The above link tells you all about the meet

http://www.caravanfacts.com/ftopic-431.html

This link has the instruction for booking.

If any of you would like to go please post on here to let me know you have booked and I will pass it on to Mal so he knows whos coming.

Jacquie


----------



## pandalf (Oct 29, 2006)

*Cannot access link......*

Unfortunately you cannot access the link without being a registered member of Caravanfacts.com. As I do not have a caravan, and probably never will have, there seems limited value in joining up, especially as I would have to fib anyway. But it would be good to have a few more facts about the location, logistics etc. Could you extract this from the site and post those details here?


----------



## LadyJ (May 9, 2005)

Hi Pandalf

Its free to join the caravanfacts site no subs :lol: i'm a member and I have a motorhome so it no problem.

Details are:=

The Red Lion Inn
Wainlode Hill
Norton
Gloucestershire
GK2 9LW

Tel 01452 731810

http://www.redlioninn-caravancampingpark.co.uk/

Cost is £10 pn without electric or £12 with electric

When booking please tell them you are with Davies/Caravanfacts.com

I will put this in the meets section on here and then you can add your selves to the meets list if you are attending.
Jacquie


----------



## Snelly (Aug 20, 2005)

*Re: Cannot access link......*



pandalf said:


> Unfortunately you cannot access the link without being a registered member of Caravanfacts.com.
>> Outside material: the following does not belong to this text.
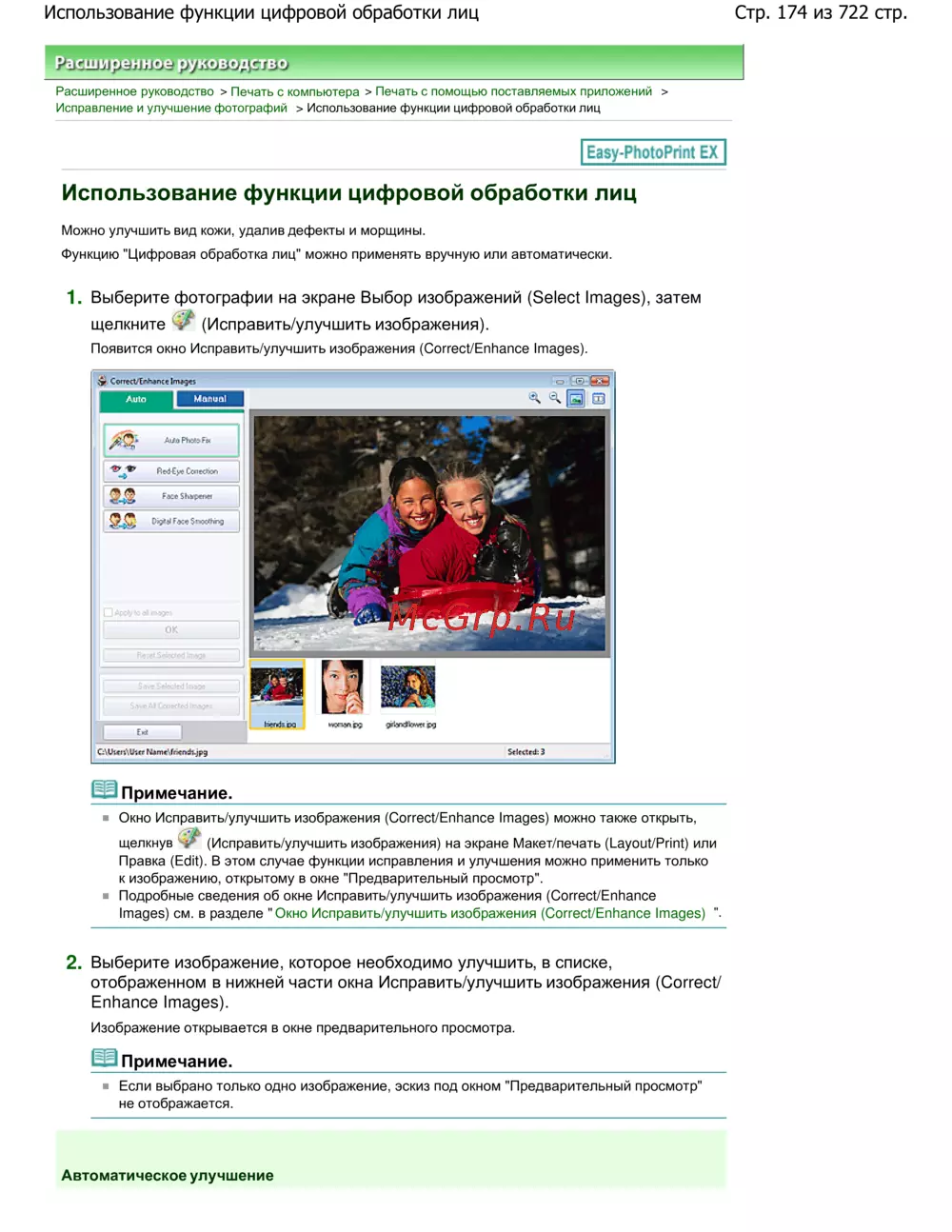 Стр. 174 из 722 стр.Использование функции цифровой обработки лиц

As I do not have a caravan, and probably never will have, there seems limited value in joining up, especially as I would have to fib anyway. But it would be good to have a few more facts about the location, logistics etc. Could you extract this from the site and post those details here?
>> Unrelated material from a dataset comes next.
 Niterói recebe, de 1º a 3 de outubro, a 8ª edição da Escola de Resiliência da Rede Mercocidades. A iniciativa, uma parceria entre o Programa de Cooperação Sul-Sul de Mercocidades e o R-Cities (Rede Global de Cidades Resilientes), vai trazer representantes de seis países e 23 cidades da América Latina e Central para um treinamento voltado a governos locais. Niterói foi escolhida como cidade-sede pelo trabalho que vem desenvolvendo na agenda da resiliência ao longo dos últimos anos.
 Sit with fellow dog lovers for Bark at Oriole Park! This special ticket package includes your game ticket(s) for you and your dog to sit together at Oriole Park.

I don't think they'll mind that your not a tugger... no one moaned at me when I joined. After all, most motorhomers have some caravan background anyway.


----------



## LadyJ (May 9, 2005)

Nobody fancy this one then? at the moment there are 4 names on the caravanfacts.com site one of which is the boss Nuke and I believe he is supplying a few drinky poos and nibbles for this meet.



Jacquie


----------



## RichardnGill (Aug 31, 2006)

I believe he is supplying a few drinky poos and nibbles for this meet.[/quote]

Why was this not closer to me.....

Richard... :big4:


----------



## LadyJ (May 9, 2005)

I see Kafriz will be joining Mal at the Red Lion well done John and I may be there as well so look forward to meeting you.


Anybody else fancy it?


Jacquie


----------



## LadyJ (May 9, 2005)

Oh come on guys n gals surely some of you can make it to Gloustershire and it is a pub site :lol: 



Jacquie


----------



## hilldweller (Mar 8, 2008)

LadyJ said:


> Welshman (Mal) who was a motorhomer and is now a caravaner is the Rally Co=Ord for www.caravanfacts.com our sister site has kindly invited us motorhomers to join his first caravan meet at The Red Lion, Norton, Gloucestershire.4th to 6th April 2008


Roughly translated:

"Oh **** no-one is coming, see if any of that rabble in MHF can be bribed, offer them food and wine".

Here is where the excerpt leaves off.